# [Work required]
The records that follow are to be transcribed in full, without their images.

# [Input data]
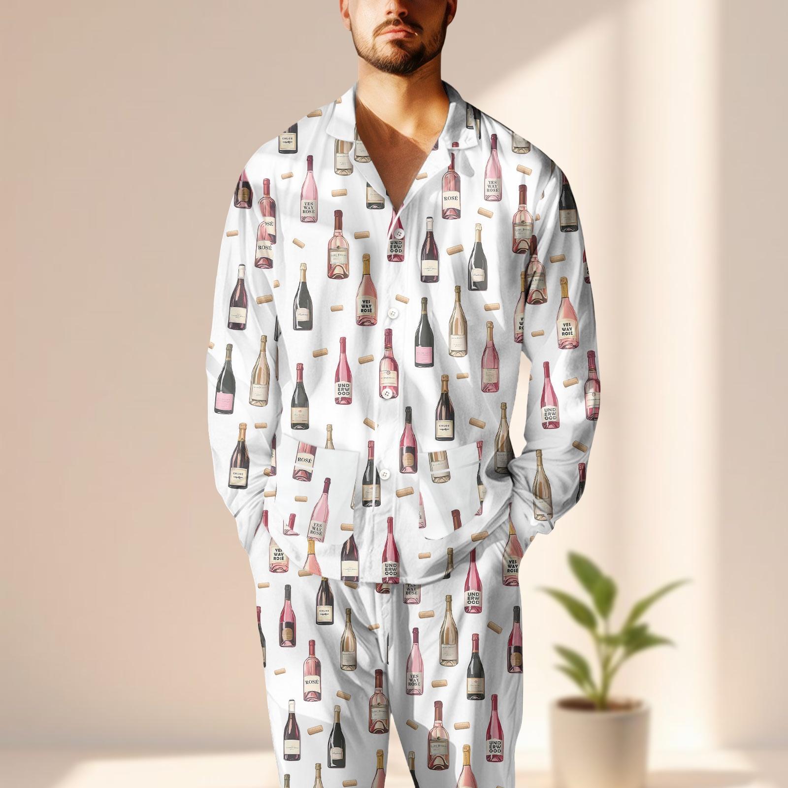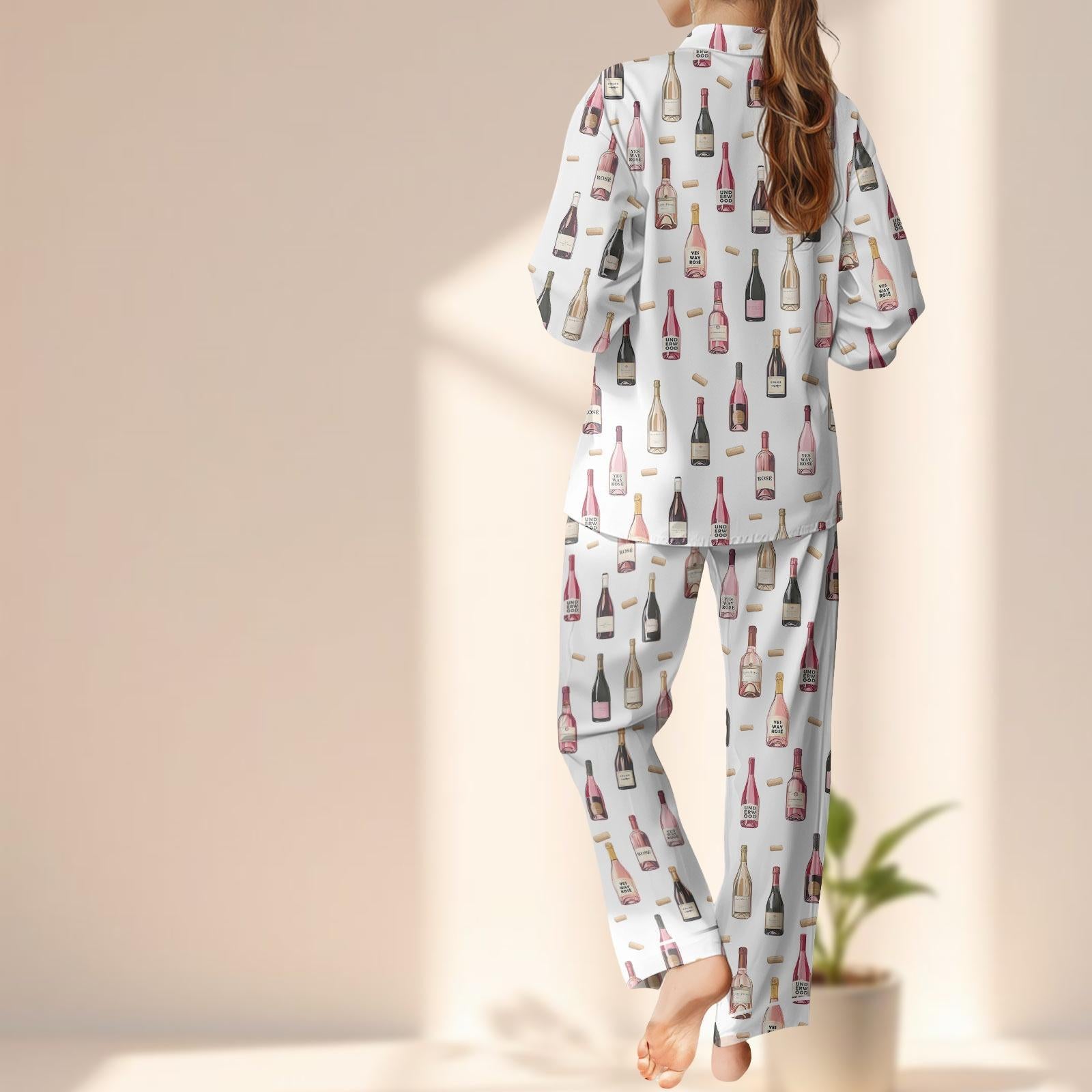 Wine Bottle Satin Pajama Set, Funny Champagne Women Pajamas, Long Sleeve Loungewear, Wine Lover Sleepwear, Birthday Gift For Her
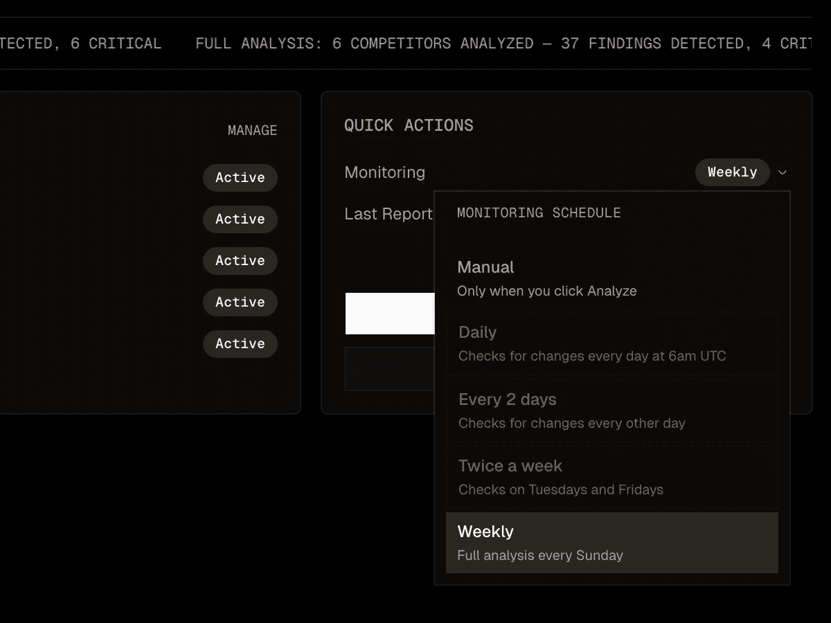 On the free plan you run analysis manually whenever you want. On Pro, monitoring runs weekly; on Business, daily. Each run fetches the latest web, pricing, news, and (on paid plans) social signals so your reports stay current.
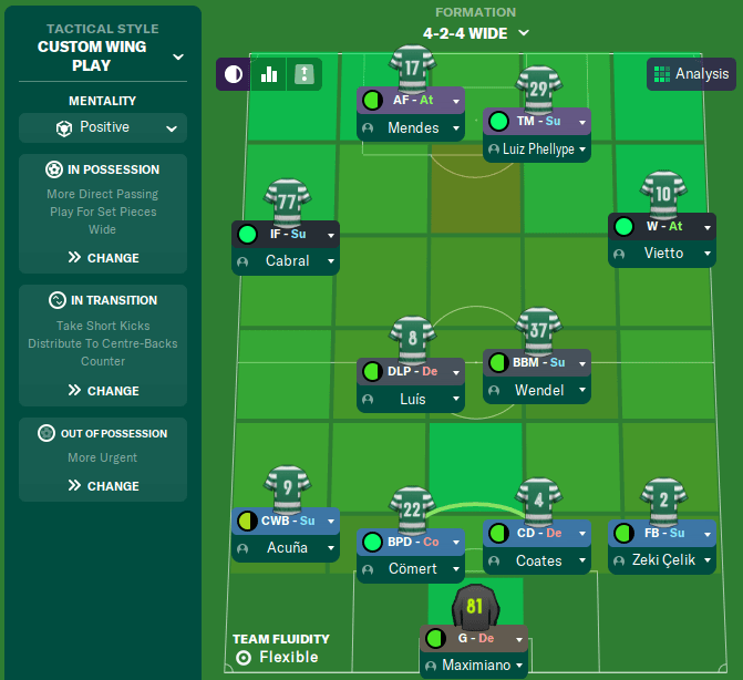 Here’s the 4-3-3 system I finished the season with. It generally works well away from home, where our hosts tend to play more expansive football. It’s also got us some impressive results against bigger teams like Benfica and Porto, who will attack us anyway and leave themselves more vulnerable at the back.
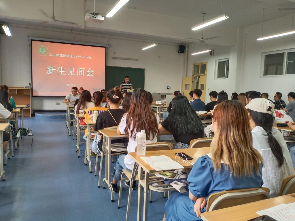 白露虽至,秋日暖阳。9月5日-6日,我院2020级旅管专升本班新生顺利完成了新生报到流程,正式成为旅环学院新的一员。为了尽快地帮助新生同学们适应新环境,了解我院的基本情况和专业特色,9月8日下午,我院召开了2020级旅管专升本班新生见面会。我院党总支书记张立虎,副院长储玖琳、郭全忠,旅游管理系专业老师刘智兴,20级旅管专升本班近60名新生出席了此次见面会。20级旅管专升本班辅导员孙凯主持了会议。
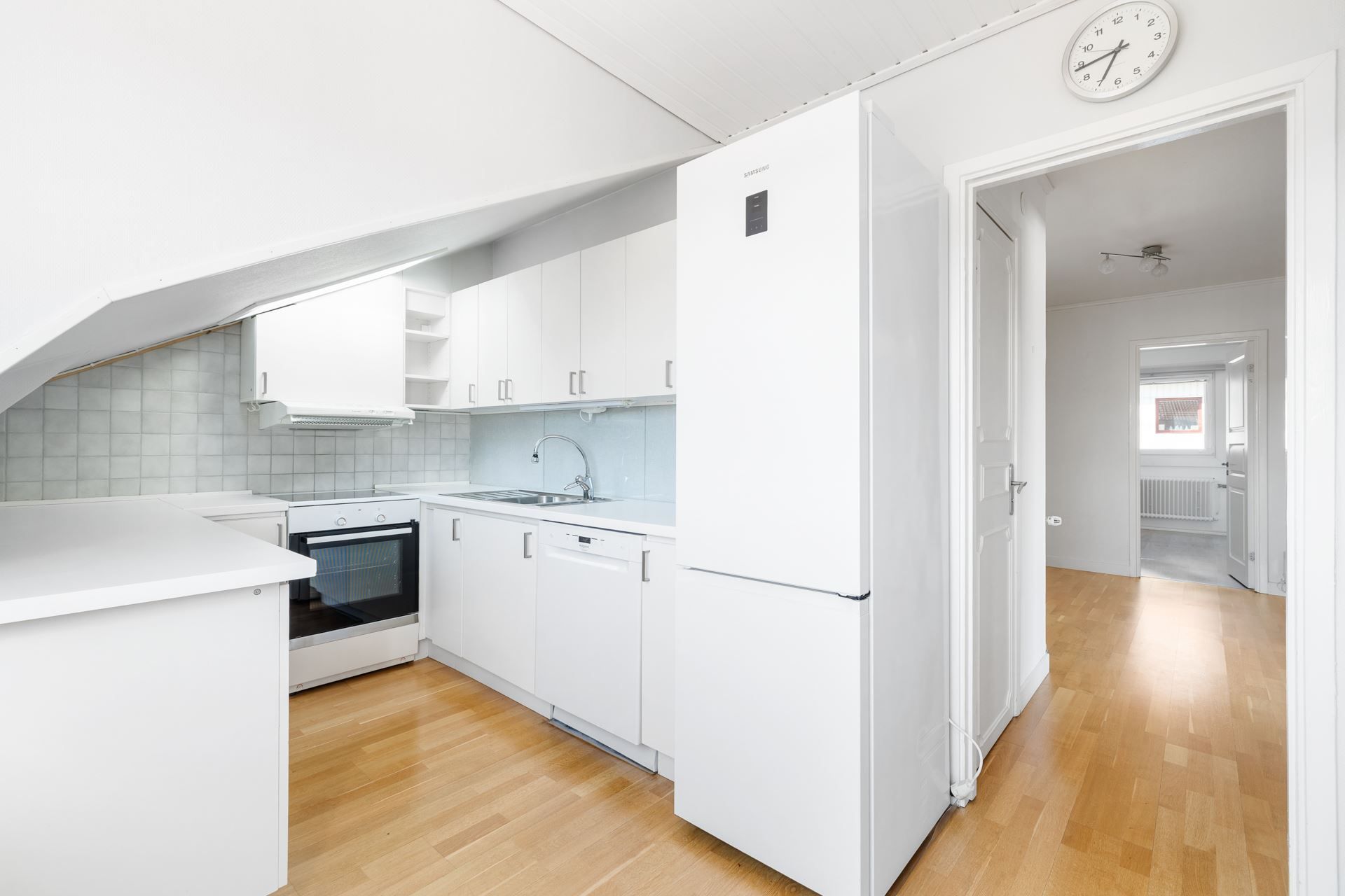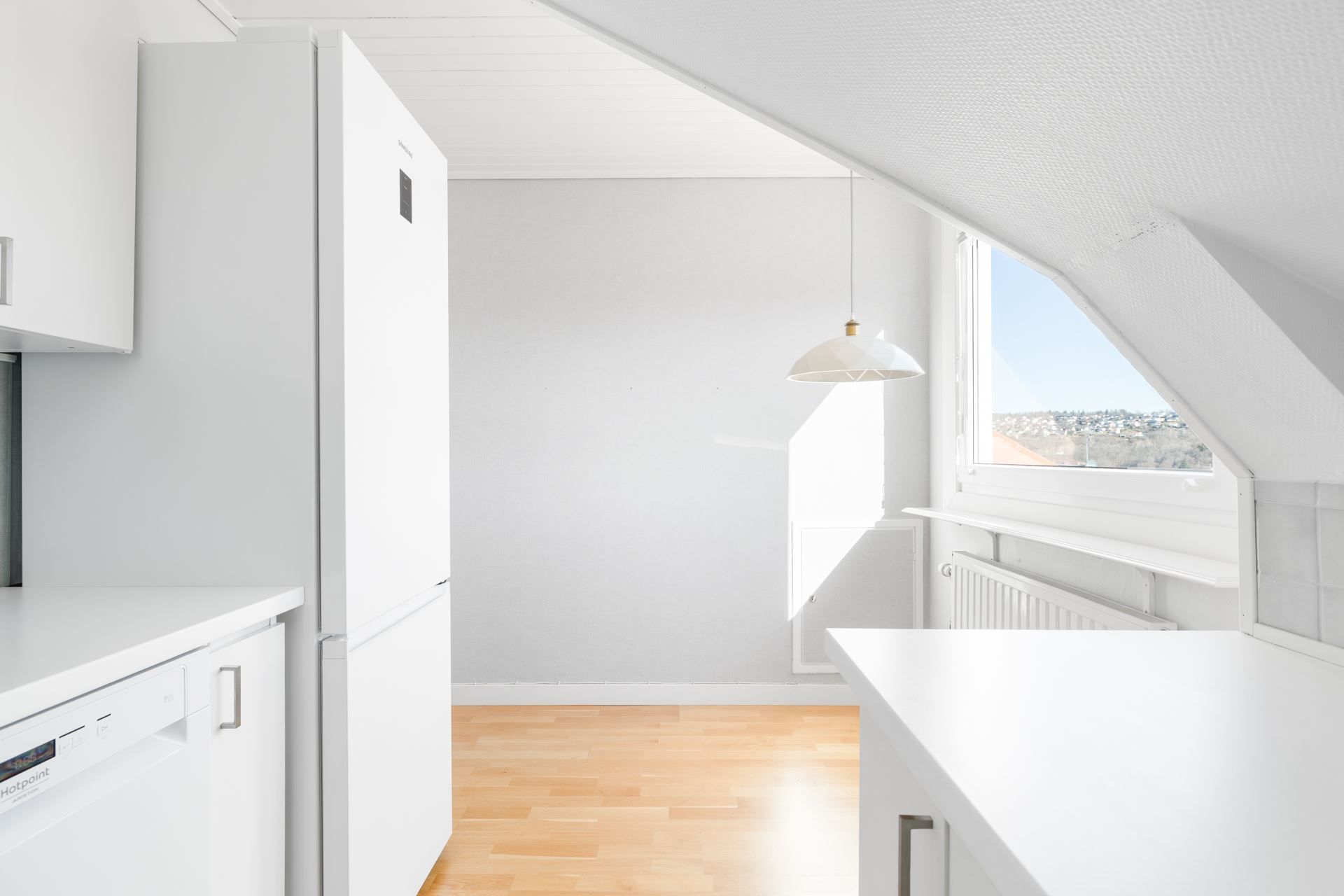 Köket är stilrent i vitt och i gott skick med bra arbetsytor och utrustat med kombinerad kyl och frys, diskmaskin samt spis – ett praktiskt och funktionellt kök som passar både vardag och helg.
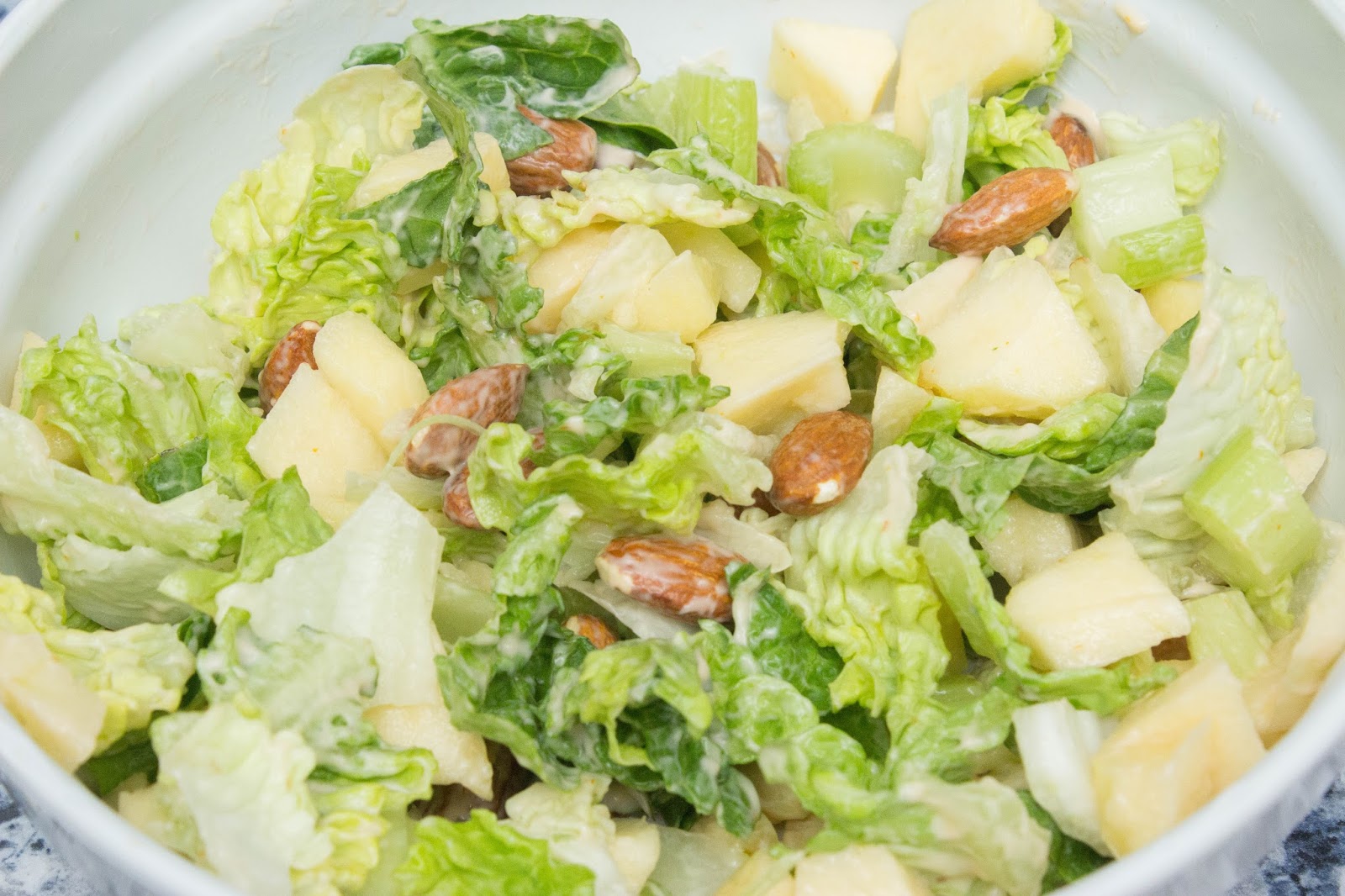 Ingredientes:1 rama de apio1 manzana1 cogollo de lechuga1 puñado de almendraskepchupmayonesa

# [Answer for this exercise]
 Wine Bottle Satin Pajama Set, Funny Champagne Women Pajamas, Long Sleeve Loungewear, Wine Lover Sleepwear, Birthday Gift For Her
 On the free plan you run analysis manually whenever you want. On Pro, monitoring runs weekly; on Business, daily. Each run fetches the latest web, pricing, news, and (on paid plans) social signals so your reports stay current.
 Here’s the 4-3-3 system I finished the season with. It generally works well away from home, where our hosts tend to play more expansive football. It’s also got us some impressive results against bigger teams like Benfica and Porto, who will attack us anyway and leave themselves more vulnerable at the back.
 白露虽至,秋日暖阳。9月5日-6日,我院2020级旅管专升本班新生顺利完成了新生报到流程,正式成为旅环学院新的一员。为了尽快地帮助新生同学们适应新环境,了解我院的基本情况和专业特色,9月8日下午,我院召开了2020级旅管专升本班新生见面会。我院党总支书记张立虎,副院长储玖琳、郭全忠,旅游管理系专业老师刘智兴,20级旅管专升本班近60名新生出席了此次见面会。20级旅管专升本班辅导员孙凯主持了会议。
 Köket är stilrent i vitt och i gott skick med bra arbetsytor och utrustat med kombinerad kyl och frys, diskmaskin samt spis – ett praktiskt och funktionellt kök som passar både vardag och helg.
 Ingredientes:1 rama de apio1 manzana1 cogollo de lechuga1 puñado de almendraskepchupmayonesa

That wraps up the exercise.